Summary
Кишечные органоид культур устанавливаются от всей склепы и не позволяют анализ самообновления и дифференциации в клетки конкретных моды. Этот протокол описывает воссоздание отсортированных стволовых (Lgr5+) и ниши (Paneth) клетки, которые порождают organoids обеспечивая их предыдущие биохимических и генетических изменений и функционального анализа.
Abstract
Кишечного эпителия характеризуется чрезвычайно быстрая текучесть. В млекопитающих весь эпителиальной выстилки обновляется в течение 4-5 дней. Кишечные стволовые клетки находятся в нижней части склепы Lieberkühn, выделяются по экспрессии гена Lgr5 и сохранения гомеостаза через их характерным Высокий пролиферативный1. На протяжении тонкого кишечника Lgr5+ стволовые клетки являются перемешан с специализированными секреторных клеток, называемых Paneth клеток. Paneth клетки секретируют антибактериальных соединений (то есть, лизоцима и cryptdins/дефензинов) и оказывают контрольный роль на кишечную флору. Совсем недавно Роман функция была обнаружена Paneth клеток, а именно их способность обеспечивать поддержку нишу Lgr5+ стволовые клетки через несколько ключевых лигандов как Wnt3, EGF и Dll12.

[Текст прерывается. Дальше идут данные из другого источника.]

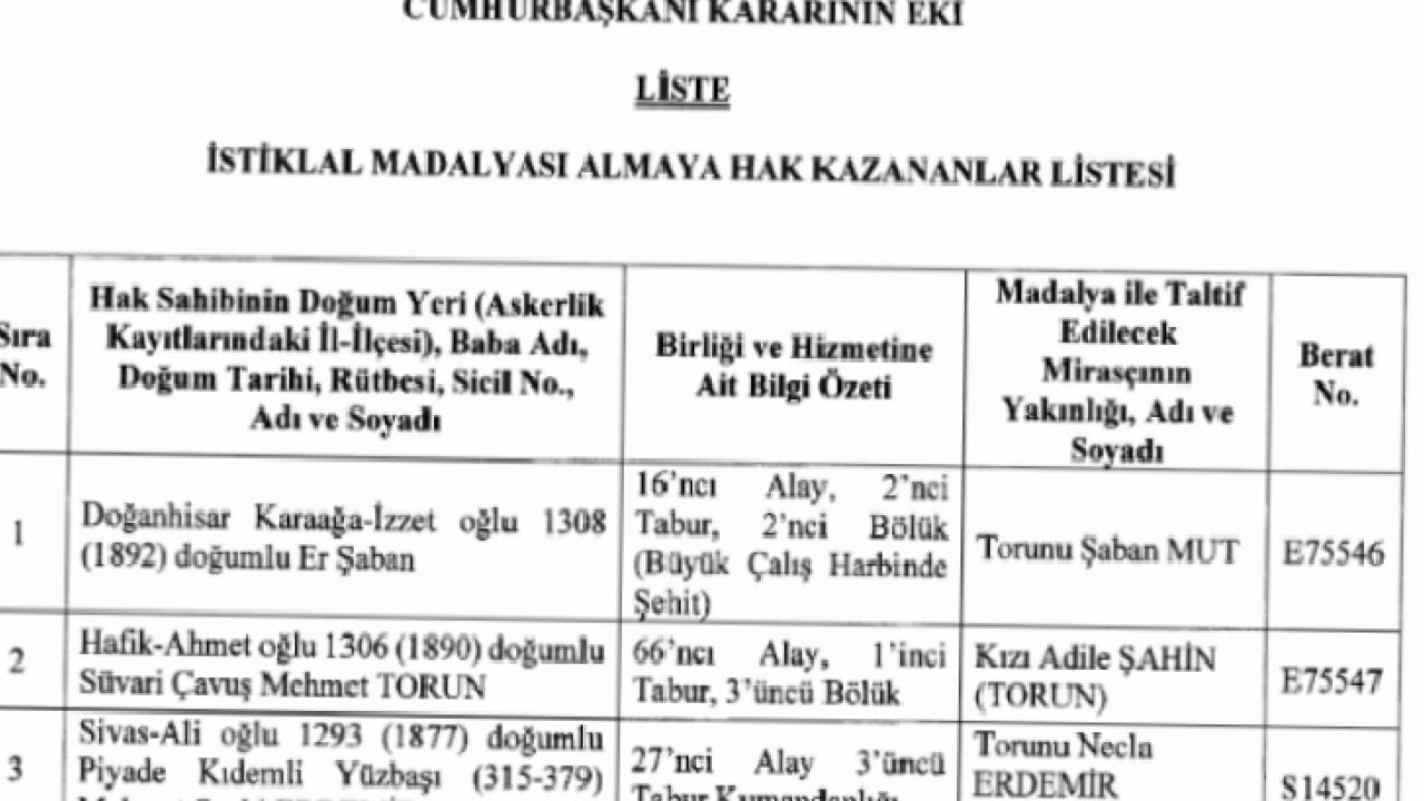 ANKARA ()- Cumhurbaşkanı kararı ile Kurtuluş Savaşı’nda hizmetleri resmi kayıtlarla tespit edilen bazı kahramanlardan üç mirasçıya daha “İstiklal Madalyası” verilecek.
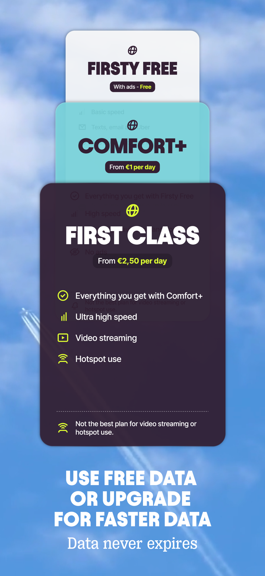 Firsty First Classは、高速インターネット接続をお楽しみいただけるプレミアムeSIMデータプランです。Spotify、Netflix、Appleなどのサービスで、音楽、番組、映画などのアプリやストリーミングをご利用ください。スマートフォンをホットスポットとして利用し、高速データ通信でリモートワークを。広告を見る必要はありません。

Когда изолированные ex vivo и культивировали при наличии конкретных факторов роста и компоненты внеклеточного матрикса, весь кишечные крипты порождают долгоживущих и самостоятельного обновления 3D структуры под названием organoids, весьма напоминающие склеп ворсинок Эпителиальный архитектура взрослых тонкой кишки3. Органоид культур, когда создана из всей склепы, позволяют исследования самообновления и дифференцировку стволовых клеток кишечника нишу, хотя без учета вклада ее отдельных компонентов, а именно Lgr5+ и Paneth клетки.

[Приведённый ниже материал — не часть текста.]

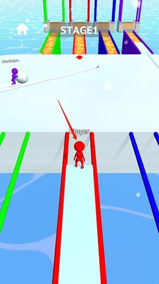 5、雪球足够大后,找到和你一样的颜色,利用雪球铺路过桥;
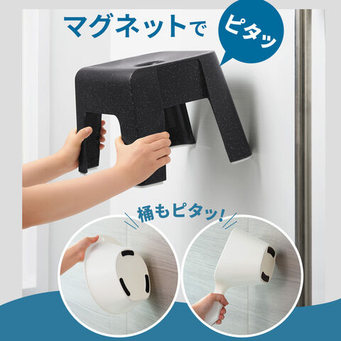 浮かせて収納スツール、ておけ、ゆおけの3点ともマグネット付き。浮かせることで通気性が良くなるため、乾きが早く清潔に収納できます。
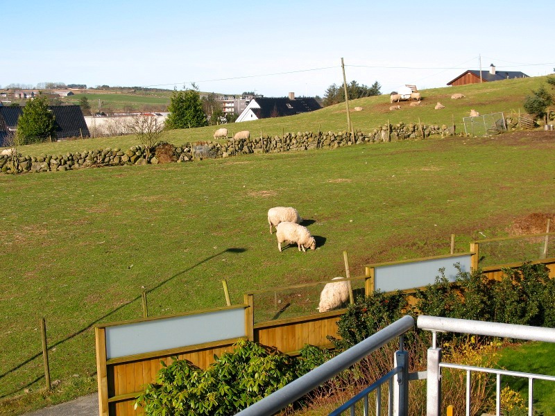I live next to a farmer, and he has kept sheep the entire winter on a small patch of grass just next to our house. By the looks of it, they're enjoying the sun just as much as us two-legged ones are. I love the view these days, here a photograph from Saturday, taken while I was waiting for a loaf to finish baking...:
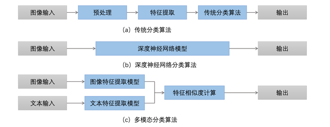 传统的图像分类方法通常使用 SIFT(Scale Invariant Feature Transform,尺度不变特征变换)、HOG(Histogram of Oriented Gradients,方向梯度直方图) 等技术,从图像中提取出关键信息,如颜色、形状和纹理。再使用SVM(Support Vector Machine,支持向量机)、决策树、随机森林、K近邻算法和朴素贝叶斯等方法对标注好的训练数据进行分类训练。尽管这些算法在某些任务上取得了较好的效果,但它们通常需要大量的手工调整和参数优化,且在处理大规模图像数据集时,性能有限。随着深度学习技术的快速发展,CNN(Convolutional Neural Networks,卷积神经网络)作为一种端到端(end-to-end)的模型,能够通过卷积、池化、全连接层等操作,从数据中学习到更加丰富的特征表示,无需手动设计特征和分类器,可以获得更好的分类效果。然而大多数基于深度学习的算法均需要大量的标签数据进行训练,而公开的数据集并不一定适合实际业务场景,因此需要人工收集和标注更适合业务场景的大规模数据集。
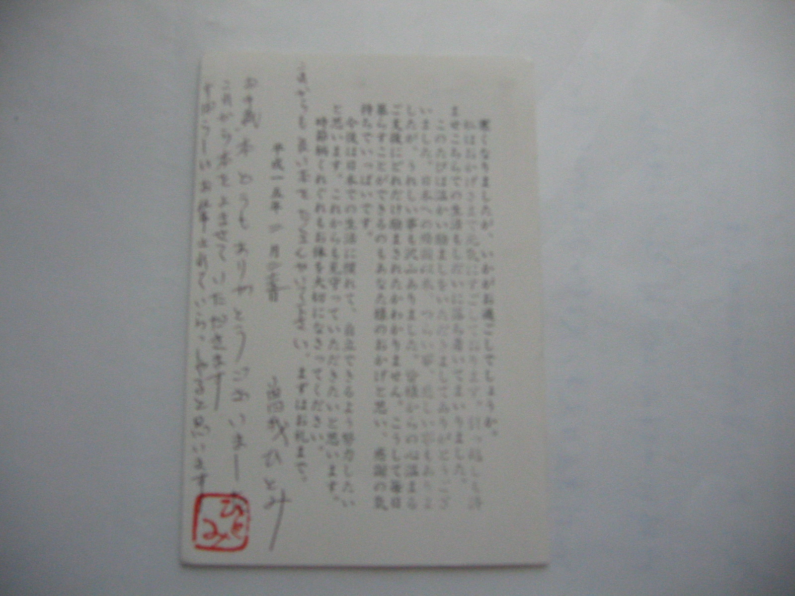 このたびは温かい励ましをいただきましてありがとうございました。日本への帰国以来、つらい事、悲しい事もありましたが、うれしい事も沢山ありました。皆様からの心温まるご支援にどれだけ励まされたかわかりません。こうして毎日暮らすことが出来るのもあなた様のおかげと思い、感謝の気持ちでいっぱいです。

Здесь мы опишем новый подход к assay органоид, который использует способности Paneth и Lgr5+ клетки объединяться и создавать organoids когда совместно культивируемых. Этот подход, здесь называют «органоид воссоздание пробирного» (ОРА), позволяет генетических и биохимических изменений Paneth или Lgr5+ стволовых клеток, после растворения в organoids. Таким образом это позволяет функциональный анализ двух основных компонентов ниши стволовых клеток кишечника.
Introduction
Кишечного эпителия является наиболее быстро самостоятельного обновления тканей в организме млекопитающих и, таким образом, был объектом множества исследований, направленных на выявление и функциональной характеристике стволовых клеток взрослых, проживающих в нижней части склепа из Lieberkühn, целевых, экспрессия гена Lgr5 и зависит от канонических Wnt сигналы1. В частности, Lgr5+ стволовые клетки бокам и поддержке специализированных нишевых клетки, то есть Paneth клетки, которые также зависеть Wnt сигнализации для их созревания2. Вместе, эти типы две клетки лежат в основе самообновлению эпителиальной выстилки кишечника и сохранить ежедневно гомеостатических равновесия: Lgr5+ стволовые клетки быстро разделить и порождают прародителем и более специализированных кишечного эпителия клетки; Paneth клетки обеспечивают ниши основных факторов (например, Dll1, Wnt3, EGF) для Lgr5+ стволовые клетки2. Количество кишечных склепы когда покрытием ex vivo в форме организованных и самостоятельного обновления структуры под названием organoids, или «мини кишки», была использована как экспериментальный инструмент для обеспечения понимания процессов, таких как самообновления и дифференциация в нормальных и патологических условиях, включая рак4. Из нескольких тканей, в том числе кишечника, поджелудочной железы, печени и почек, как мышь, так и человеческих пробах4были созданы органоид культур. Метод добычи и факторы роста, занятых в разработке этих культур органоид ткане- и предназначены для привода мульти линии дифференциации и максимально точно имитировать оригинальные ниши стволовых клеток в vivo. Organoids могут иметь потенциальные приложений, включая лечения генетических заболеваний, оценка терапевтической эффективности в рак, анализ лекарственной токсичности или изучению органогенеза в vitro5.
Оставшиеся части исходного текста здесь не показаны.